PROVIDED DATA:
*** Begin section ***
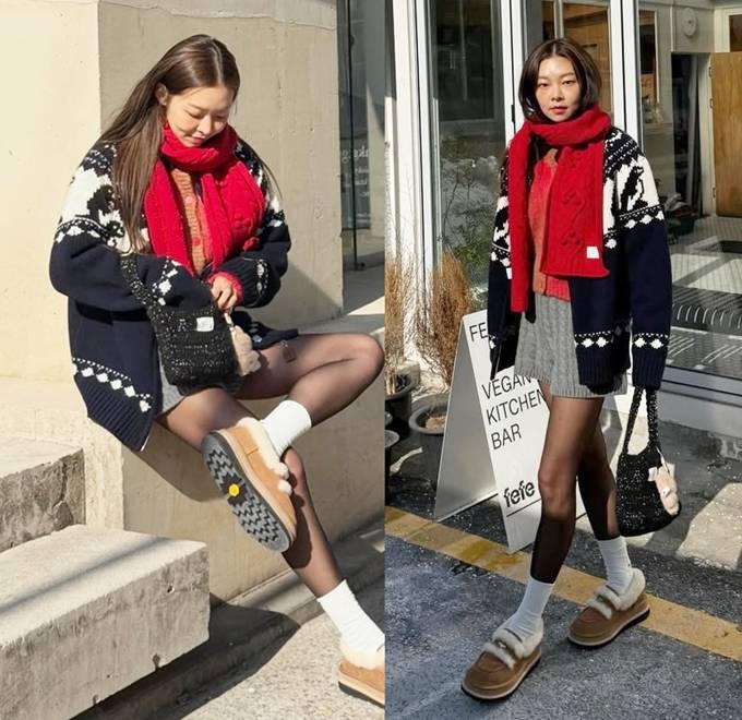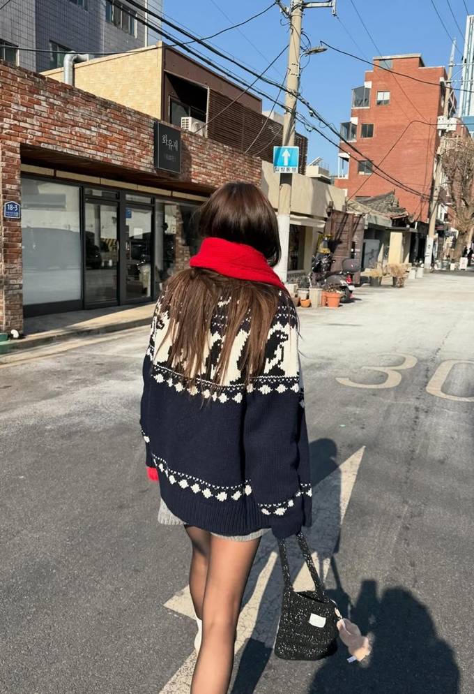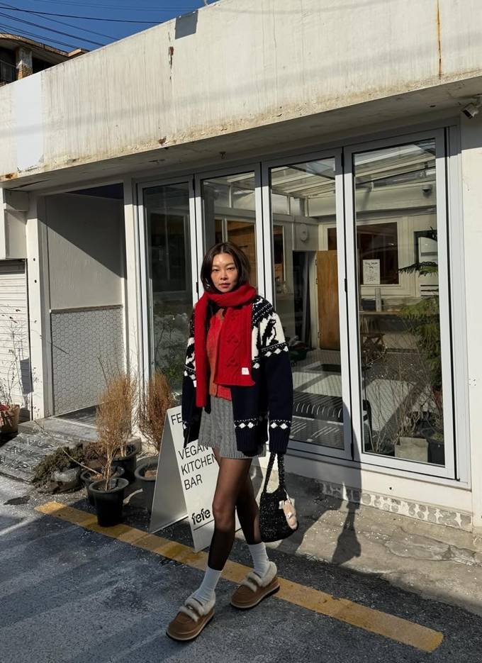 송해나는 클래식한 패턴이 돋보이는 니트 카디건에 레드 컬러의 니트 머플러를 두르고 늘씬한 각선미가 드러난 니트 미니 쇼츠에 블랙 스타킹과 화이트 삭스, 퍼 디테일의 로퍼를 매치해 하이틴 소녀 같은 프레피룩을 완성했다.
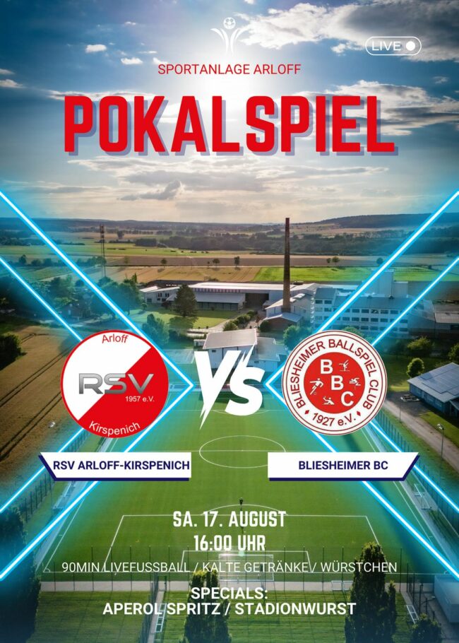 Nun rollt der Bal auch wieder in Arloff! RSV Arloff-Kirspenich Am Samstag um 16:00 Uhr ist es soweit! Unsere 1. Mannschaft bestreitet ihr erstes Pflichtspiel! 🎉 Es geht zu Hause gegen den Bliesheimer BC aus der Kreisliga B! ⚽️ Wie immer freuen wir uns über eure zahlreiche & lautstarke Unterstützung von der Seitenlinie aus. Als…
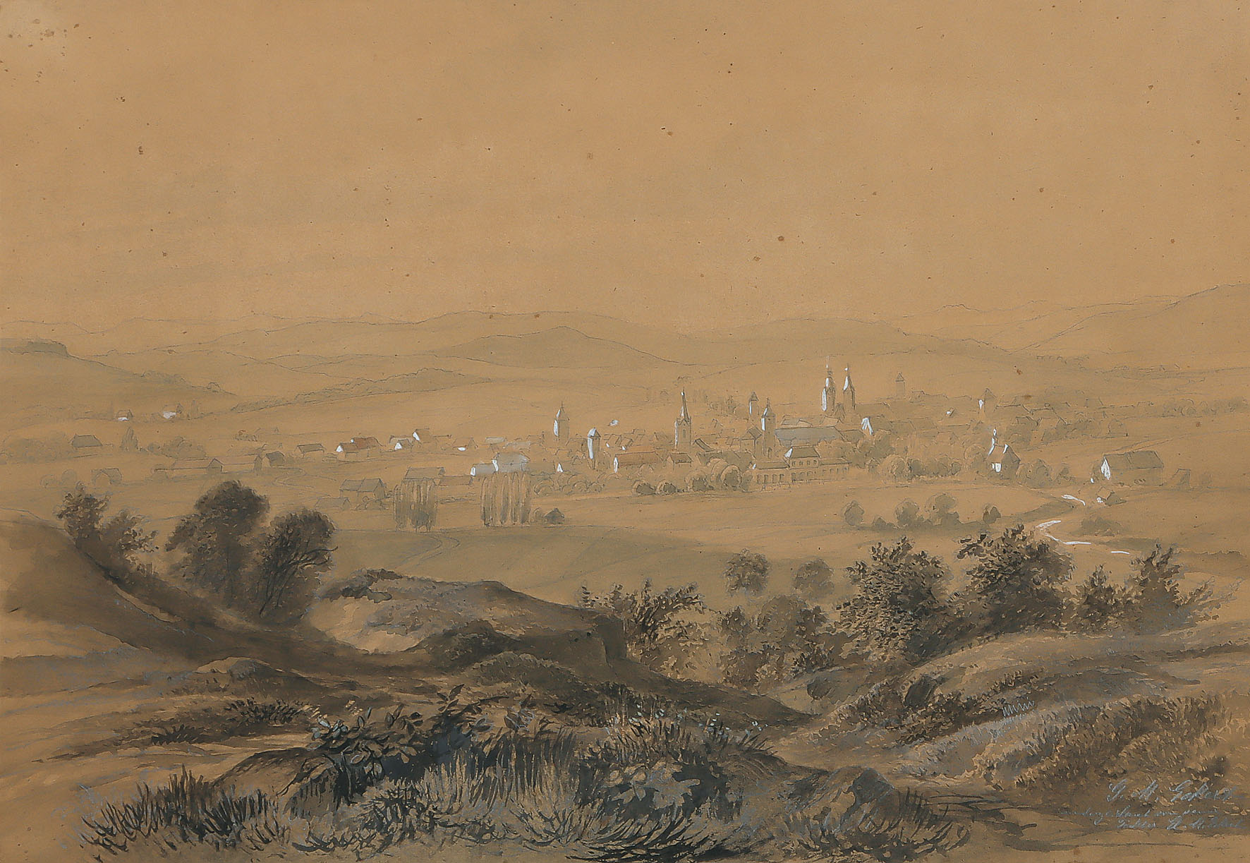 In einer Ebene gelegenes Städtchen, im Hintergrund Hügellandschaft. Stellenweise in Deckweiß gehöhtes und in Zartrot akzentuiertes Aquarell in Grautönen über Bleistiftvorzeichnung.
*** End section ***
BRIEF: Pass over the images and copy the rest of the material above exactly.

SOLUTION TO THIS TASK:
 송해나는 클래식한 패턴이 돋보이는 니트 카디건에 레드 컬러의 니트 머플러를 두르고 늘씬한 각선미가 드러난 니트 미니 쇼츠에 블랙 스타킹과 화이트 삭스, 퍼 디테일의 로퍼를 매치해 하이틴 소녀 같은 프레피룩을 완성했다.
 Nun rollt der Bal auch wieder in Arloff! RSV Arloff-Kirspenich Am Samstag um 16:00 Uhr ist es soweit! Unsere 1. Mannschaft bestreitet ihr erstes Pflichtspiel! 🎉 Es geht zu Hause gegen den Bliesheimer BC aus der Kreisliga B! ⚽️ Wie immer freuen wir uns über eure zahlreiche & lautstarke Unterstützung von der Seitenlinie aus. Als…
 In einer Ebene gelegenes Städtchen, im Hintergrund Hügellandschaft. Stellenweise in Deckweiß gehöhtes und in Zartrot akzentuiertes Aquarell in Grautönen über Bleistiftvorzeichnung.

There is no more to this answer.